-- Supplied material follows --

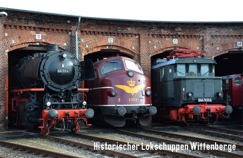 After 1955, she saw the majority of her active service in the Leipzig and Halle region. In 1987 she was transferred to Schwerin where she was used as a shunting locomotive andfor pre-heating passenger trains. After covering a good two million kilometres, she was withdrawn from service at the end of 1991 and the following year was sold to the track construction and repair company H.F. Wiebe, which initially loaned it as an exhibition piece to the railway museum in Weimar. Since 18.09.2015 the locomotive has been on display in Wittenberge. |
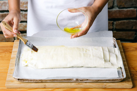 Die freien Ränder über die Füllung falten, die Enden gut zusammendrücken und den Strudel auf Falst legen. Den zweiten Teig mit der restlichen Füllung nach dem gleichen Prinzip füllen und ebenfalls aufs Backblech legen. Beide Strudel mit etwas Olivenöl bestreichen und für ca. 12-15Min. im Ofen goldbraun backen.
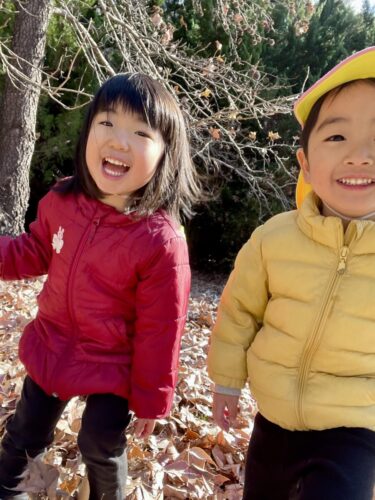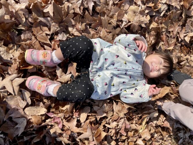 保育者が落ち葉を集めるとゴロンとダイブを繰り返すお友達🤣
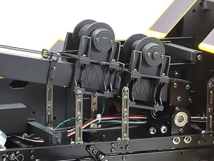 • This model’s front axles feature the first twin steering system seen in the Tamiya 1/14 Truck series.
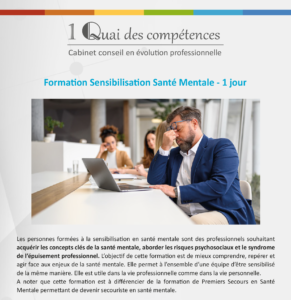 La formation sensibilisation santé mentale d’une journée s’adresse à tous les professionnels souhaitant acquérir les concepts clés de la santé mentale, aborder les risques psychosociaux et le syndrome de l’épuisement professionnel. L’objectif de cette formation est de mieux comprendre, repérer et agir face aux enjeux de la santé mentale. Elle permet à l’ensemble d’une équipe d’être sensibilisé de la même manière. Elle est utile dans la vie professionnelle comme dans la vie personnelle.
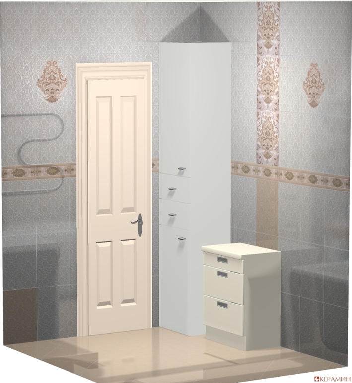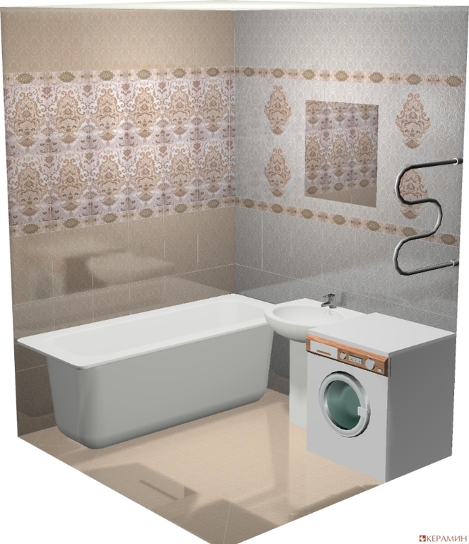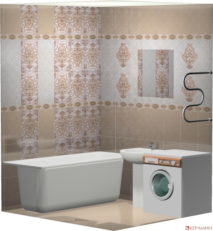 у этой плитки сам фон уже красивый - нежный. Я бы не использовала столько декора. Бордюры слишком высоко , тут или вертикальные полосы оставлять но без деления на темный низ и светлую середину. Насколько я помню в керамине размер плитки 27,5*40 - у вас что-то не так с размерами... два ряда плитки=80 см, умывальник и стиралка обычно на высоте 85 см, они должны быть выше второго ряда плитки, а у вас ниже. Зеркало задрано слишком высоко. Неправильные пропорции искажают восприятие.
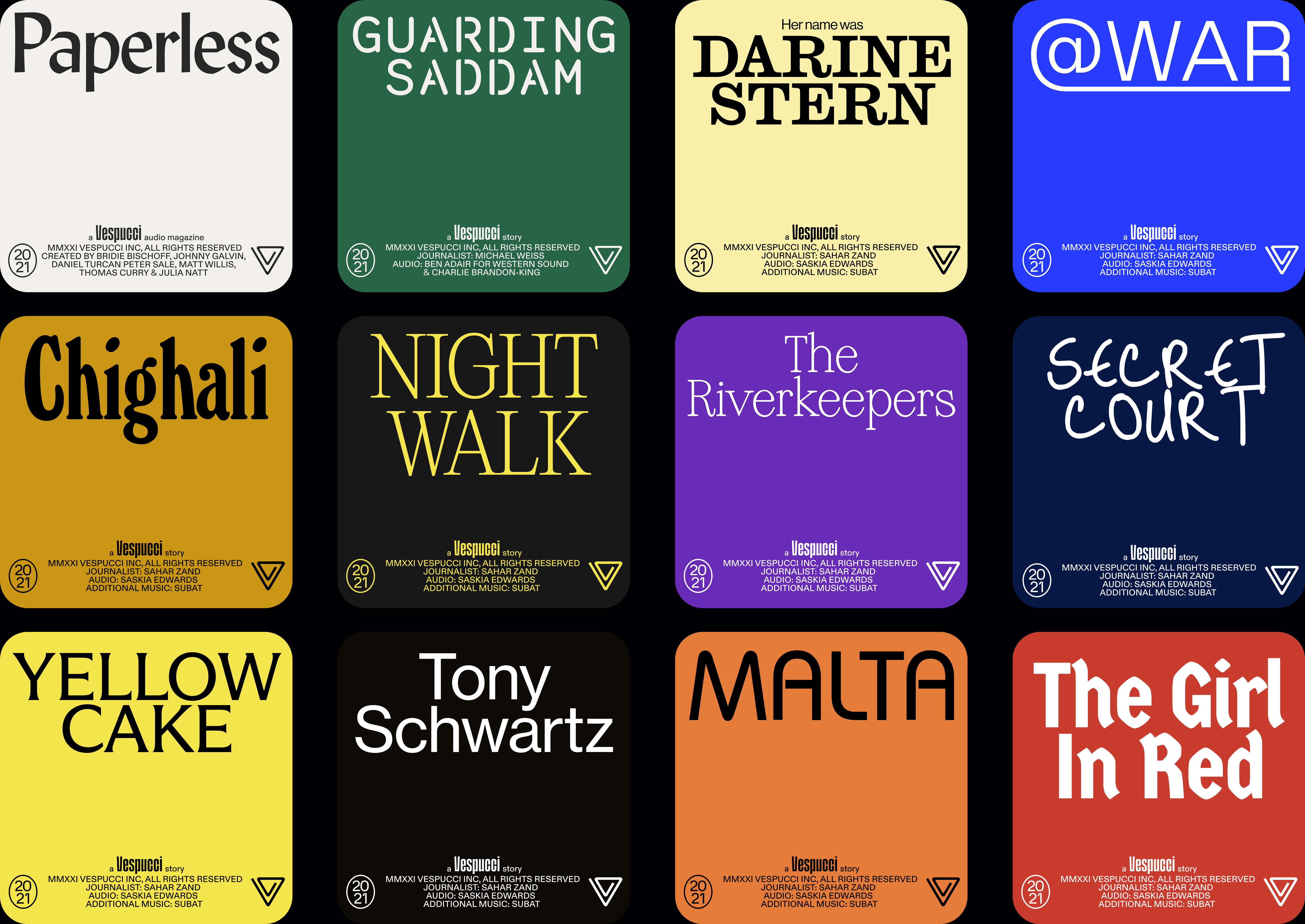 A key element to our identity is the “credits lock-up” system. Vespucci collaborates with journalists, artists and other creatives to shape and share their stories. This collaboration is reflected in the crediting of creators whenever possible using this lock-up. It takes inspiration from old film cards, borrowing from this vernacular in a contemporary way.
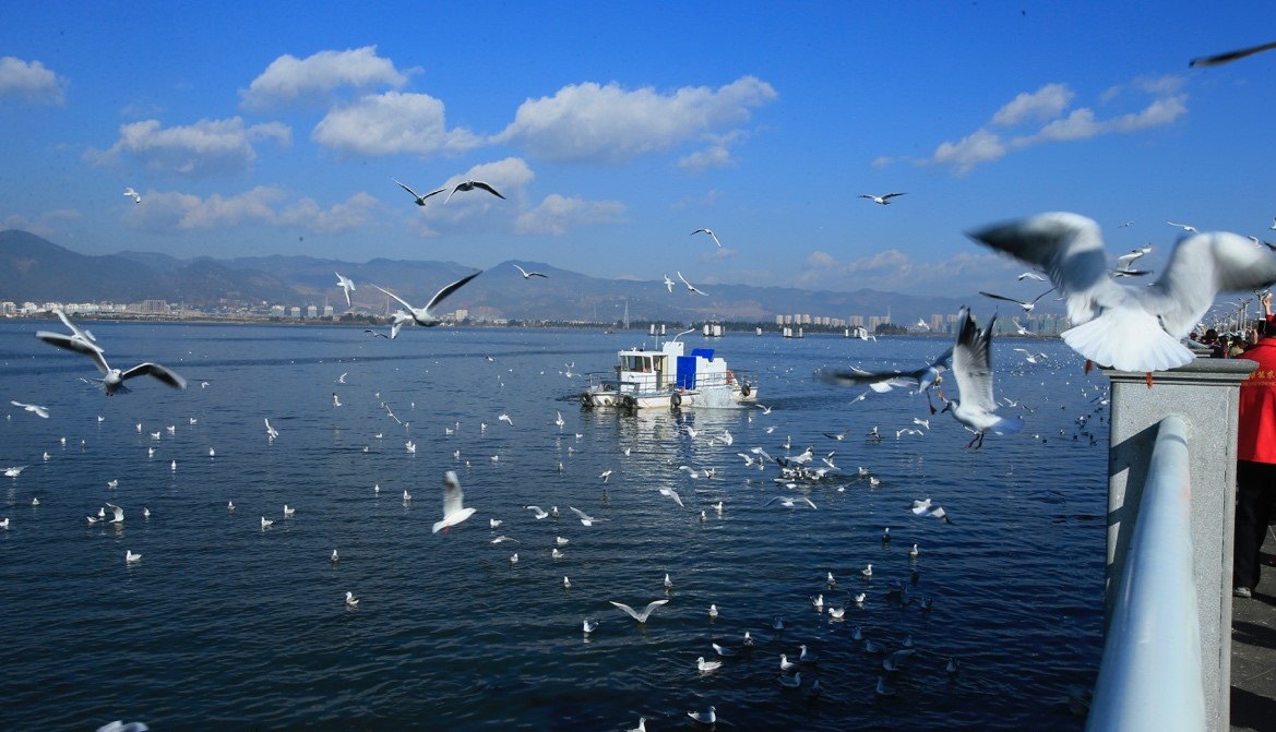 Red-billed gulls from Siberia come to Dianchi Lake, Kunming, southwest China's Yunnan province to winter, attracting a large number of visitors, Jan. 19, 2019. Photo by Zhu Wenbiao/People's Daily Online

-- Supplied material concluded --

**Task requirements**
Repeat the data word for word, excluding any image.

**Result of the exercise**
 After 1955, she saw the majority of her active service in the Leipzig and Halle region. In 1987 she was transferred to Schwerin where she was used as a shunting locomotive andfor pre-heating passenger trains. After covering a good two million kilometres, she was withdrawn from service at the end of 1991 and the following year was sold to the track construction and repair company H.F. Wiebe, which initially loaned it as an exhibition piece to the railway museum in Weimar. Since 18.09.2015 the locomotive has been on display in Wittenberge. |
 Die freien Ränder über die Füllung falten, die Enden gut zusammendrücken und den Strudel auf Falst legen. Den zweiten Teig mit der restlichen Füllung nach dem gleichen Prinzip füllen und ebenfalls aufs Backblech legen. Beide Strudel mit etwas Olivenöl bestreichen und für ca. 12-15Min. im Ofen goldbraun backen.
 保育者が落ち葉を集めるとゴロンとダイブを繰り返すお友達🤣
 • This model’s front axles feature the first twin steering system seen in the Tamiya 1/14 Truck series.
 La formation sensibilisation santé mentale d’une journée s’adresse à tous les professionnels souhaitant acquérir les concepts clés de la santé mentale, aborder les risques psychosociaux et le syndrome de l’épuisement professionnel. L’objectif de cette formation est de mieux comprendre, repérer et agir face aux enjeux de la santé mentale. Elle permet à l’ensemble d’une équipe d’être sensibilisé de la même manière. Elle est utile dans la vie professionnelle comme dans la vie personnelle.
 у этой плитки сам фон уже красивый - нежный. Я бы не использовала столько декора. Бордюры слишком высоко , тут или вертикальные полосы оставлять но без деления на темный низ и светлую середину. Насколько я помню в керамине размер плитки 27,5*40 - у вас что-то не так с размерами... два ряда плитки=80 см, умывальник и стиралка обычно на высоте 85 см, они должны быть выше второго ряда плитки, а у вас ниже. Зеркало задрано слишком высоко. Неправильные пропорции искажают восприятие.
 A key element to our identity is the “credits lock-up” system. Vespucci collaborates with journalists, artists and other creatives to shape and share their stories. This collaboration is reflected in the crediting of creators whenever possible using this lock-up. It takes inspiration from old film cards, borrowing from this vernacular in a contemporary way.
 Red-billed gulls from Siberia come to Dianchi Lake, Kunming, southwest China's Yunnan province to winter, attracting a large number of visitors, Jan. 19, 2019. Photo by Zhu Wenbiao/People's Daily Online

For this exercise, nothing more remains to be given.